4.1.2.3.2 Virgilio Piñera’s first poetic forays, “Las furias”, from 1941

Virgilio Piñera’s early work begins with the poetry collection “Las furias” (The Furies) from 1941, and the pieces he published in the two issues of the magazine “Poeta,” which he founded, and others in “Espuela de Plata.” From these years on, the themes that would, in a way, guide his entire poetic, and even narrative and dramatic output, centered on the absurd, the inconsequential, and the existential void, as well as the attempt to conjure it all away, are reflected.
In the poem that gives the notebook its title, “The Furies,” we first see Virgil’s inclination for mythological motifs and spheres, in this case associated with the destructive, inherent to a deep-rooted pessimism and preference for the gloomy, from which emerges a joy of the antipodes, difficult to understand outside of Virgil’s universe:
“This frozen crystal of the person
among falling Furies he has fun.
The extinguished candles solemnize the dream of her laughter
and the teeth that initiate destiny.
To a wind of corpses
the hem of his tunic questions.
It is the plumb pen of the Furies
the one that beats on the forehead of the gods,
beyond the skin, in a deaf flight,
requesting the poisoned river.
(…)
(…)
Is it not that the river divides falling between you?
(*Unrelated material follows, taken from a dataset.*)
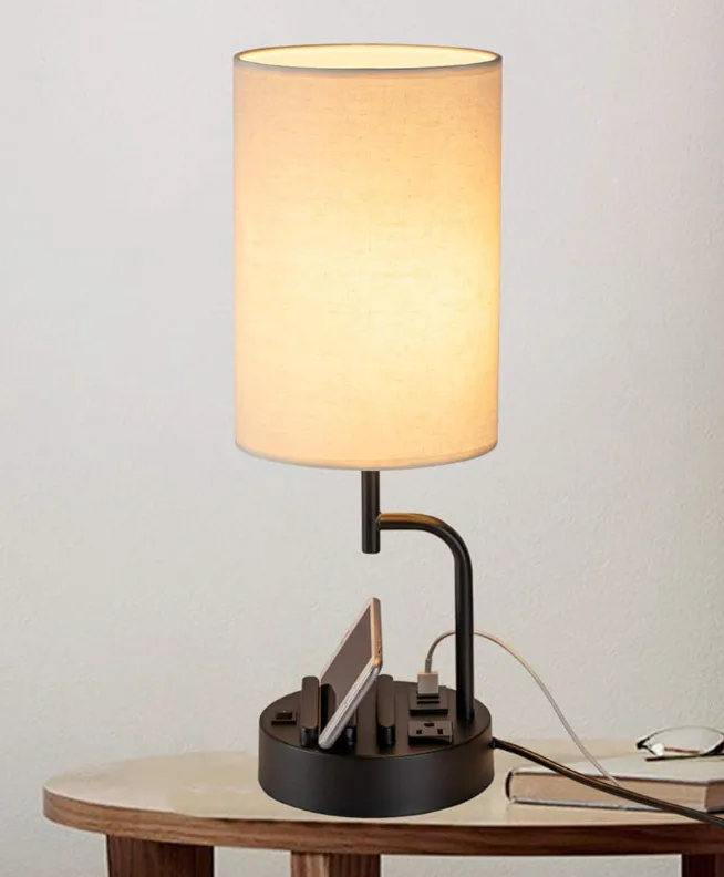This cool table lamp helps you charge your phone and tablet overnight. With two phone stands, it gives you a hands-free way to watch shows, chat with friends, and more. It also has three charging ports (two USB-A and two USB-C), as well as an AC outlet. Its linen shade is minimalist but still stylish.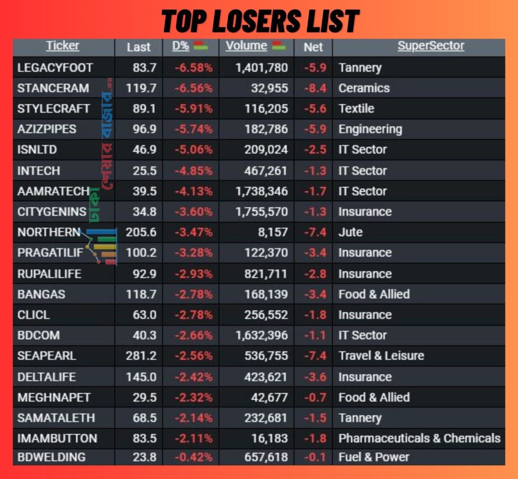 আজ শীর্ষ ২০ দাম কমার শীর্ষ তালিকায় ৯ টি খাতের শেয়ার ছিল। আজ যে সব শেয়ার কমার তালিকায় ছিল, সে গুলোর বেশ কয়েকটি গতকাল দাম বৃদ্ধির শীর্ষে ছিল। আজ দাম কমার শীর্ষ তালিকার প্রথমে ছিল লিগেছি ফুটওয়ার।

Isn’t it that the waiter of melancholies
furiously hates those islands of consecrations?
A yellow rage,
a yellow cloth,
a yellow mirror,
a yellow rain,
“That’s all that remains, merry Furies.”
Throughout his early career as a poet, and especially in this collection of poems, the theme of death and nothingness as the only reality is already evident, completely inconsequential in his worldview, but an unconscious and self-denying romanticism is also hinted at, which surfaces in many of the pages.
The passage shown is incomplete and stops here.